A nano-sized medicine boosts the anti-cancer immune response and eradicates tumors in mice.
Researchers at Washington University School of Medicine in St. Louis, working with colleagues at Northwestern University, have created a noninvasive strategy to target one of the most severe and life-threatening brain cancers.
Their method relies on carefully designed nanoscale structures that carry powerful cancer-fighting compounds into the brain through simple nasal drops. This new delivery system requires far less intervention than comparable treatments now being tested, and in mouse studies it successfully attacked glioblastoma by strengthening the brain’s immune defenses.
The study was recently published in PNAS.
Glioblastoma develops from astrocytes, which are a type of brain cell, and it is the most frequently diagnosed brain cancer in the United States. About three out of every 100,000 people are affected. The disease advances rapidly and is almost always fatal. No curative therapies exist, partly because it is extremely difficult to deliver drugs into the brain where they are needed.
“We wanted to change this reality and develop a noninvasive treatment that activates the immune response to attack glioblastoma,” said Alexander H. Stegh, PhD, a professor and vice chair of research in the WashU Medicine Taylor Family Department of Neurosurgery and co-corresponding author of the study. Stegh also is research director of The Brain Tumor Center at Siteman Cancer Center, based at Barnes-Jewish Hospital and WashU Medicine. “With this research, we’ve shown that precisely engineered nanostructures, called spherical nucleic acids, can safely and effectively activate powerful immune pathways within the brain. This redefines how cancer immunotherapy can be achieved in otherwise difficult-to-access tumors.”
Cold tumors warmed with STING
Glioblastoma tumors are often referred to as “cold tumors” because they fail to trigger the body’s natural immune defenses. In contrast, “hot tumors” do activate these defenses and are typically more responsive to immunotherapy. Scientists have been working on methods to encourage an immune attack on cold tumors by activating a cellular pathway known as STING, which stands for stimulator of interferon genes. This pathway switches on when a cell encounters foreign DNA and signals the immune system to take action against the perceived danger.

Past studies have shown that drugs activating STING in glioblastoma tumors can prime the body’s immune system to better fight the cancer. However, these agents break down quickly in the body and must be delivered directly into the tumor to work. Because repeated dosing is required for sustained benefit, relying on direct intratumoral administration requires highly invasive procedures.
“We really wanted to minimize patients having to go through that when they are already ill, and I thought that we could use the spherical nucleic acid platforms to deliver these drugs in a noninvasive way,” said Akanksha Mahajan, PhD, a postdoctoral research associate in Stegh’s lab and the first author on the study.

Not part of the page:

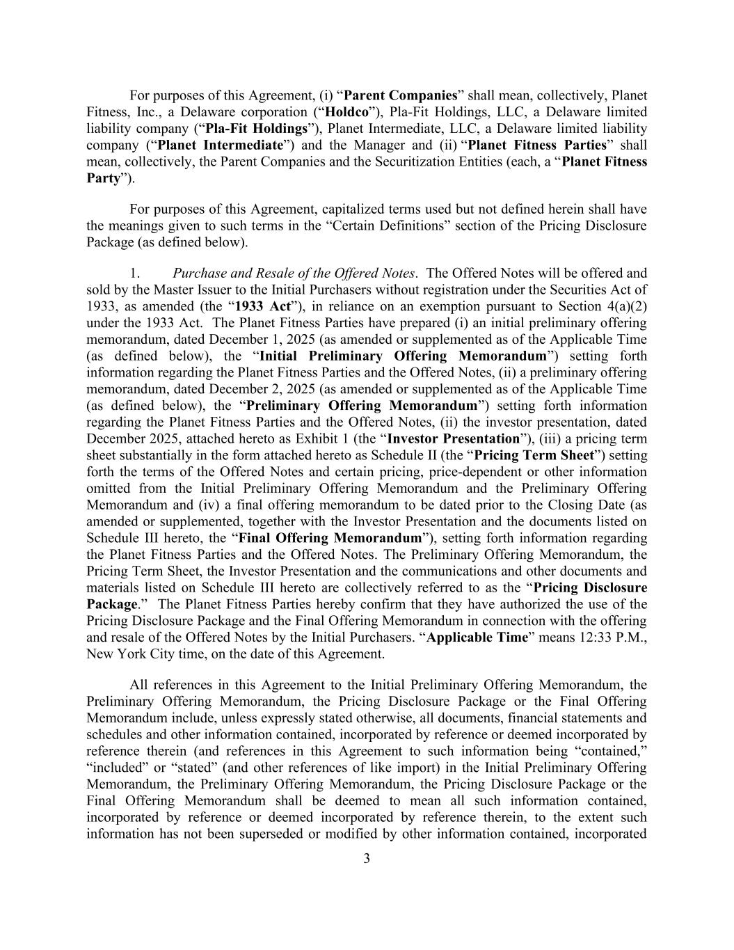 3 For purposes of this Agreement, (i) “Parent Companies” shall mean, collectively, Planet Fitness, Inc., a Delaware corporation (“Holdco”), Pla-Fit Holdings, LLC, a Delaware limited liability company (“Pla-Fit Holdings”), Planet Intermediate, LLC, a Delaware limited liability company (“Planet Intermediate”) and the Manager and (ii) “Planet Fitness Parties” shall mean, collectively, the Parent Companies and the Securitization Entities (each, a “Planet Fitness Party”). For purposes of this Agreement, capitalized terms used but not defined herein shall have the meanings given to such terms in the “Certain Definitions” section of the Pricing Disclosure Package (as defined below). 1. Purchase and Resale of the Offered Notes. The Offered Notes will be offered and sold by the Master Issuer to the Initial Purchasers without registration under the Securities Act of 1933, as amended (the “1933 Act”), in reliance on an exemption pursuant to Section 4(a)(2) under the 1933 Act. The Planet Fitness Parties have prepared (i) an initial preliminary offering memorandum, dated December 1, 2025 (as amended or supplemented as of the Applicable Time (as defined below), the “Initial Preliminary Offering Memorandum”) setting forth information regarding the Planet Fitness Parties and the Offered Notes, (ii) a preliminary offering memorandum, dated December 2, 2025 (as amended or supplemented as of the Applicable Time (as defined below), the “Preliminary Offering Memorandum”) setting forth information regarding the Planet Fitness Parties and the Offered Notes, (ii) the investor presentation, dated December 2025, attached hereto as Exhibit 1 (the “Investor Presentation”), (iii) a pricing term sheet substantially in the form attached hereto as Schedule II (the “Pricing Term Sheet”) setting forth the terms of the Offered Notes and certain pricing, price-dependent or other information omitted from the Initial Preliminary Offering Memorandum and the Preliminary Offering Memorandum and (iv) a final offering memorandum to be dated prior to the Closing Date (as amended or supplemented, together with the Investor Presentation and the documents listed on Schedule III hereto, the “Final Offering Memorandum”), setting forth information regarding the Planet Fitness Parties and the Offered Notes. The Preliminary Offering Memorandum, the Pricing Term Sheet, the Investor Presentation and the communications and other documents and materials listed on Schedule III hereto are collectively referred to as the “Pricing Disclosure Package.” The Planet Fitness Parties hereby confirm that they have authorized the use of the Pricing Disclosure Package and the Final Offering Memorandum in connection with the offering and resale of the Offered Notes by the Initial Purchasers. “Applicable Time” means 12:33 P.M., New York City time, on the date of this Agreement. All references in this Agreement to the Initial Preliminary Offering Memorandum, the Preliminary Offering Memorandum, the Pricing Disclosure Package or the Final Offering Memorandum include, unless expressly stated otherwise, all documents, financial statements and schedules and other information contained, incorporated by reference or deemed incorporated by reference therein (and references in this Agreement to such information being “contained,” “included” or “stated” (and other references of like import) in the Initial Preliminary Offering Memorandum, the Preliminary Offering Memorandum, the Pricing Disclosure Package or the Final Offering Memorandum shall be deemed to mean all such information contained, incorporated by reference or deemed incorporated by reference therein, to the extent such information has not been superseded or modified by other information contained, incorporated

Engineering Spherical Nucleic Acids for Intranasal Delivery
To overcome the problem, the Stegh team collaborated with co-corresponding author Chad A. Mirkin, PhD, director of the International Institute for Nanotechnology and the Rathmann Professor of Chemistry at Northwestern University, and his team. Mirkin invented spherical nucleic acids, a class of nanostructures that arrange DNA or RNA densely around a nanoparticle core, and he has shown that they have greater therapeutic potency compared to the standard delivery methods. The WashU Medicine and Northwestern researchers prepared a new class of spherical nucleic acids with gold cores studded with short snippets of DNA to trigger activation of the STING pathway in specific immune cells. To deliver these drugs to the brain, the team turned to the nose.
Intranasal therapy has been explored as a potential delivery method for medications targeting the brain, but no nanoscale therapies had yet been developed using this method to activate immune responses against brain cancers.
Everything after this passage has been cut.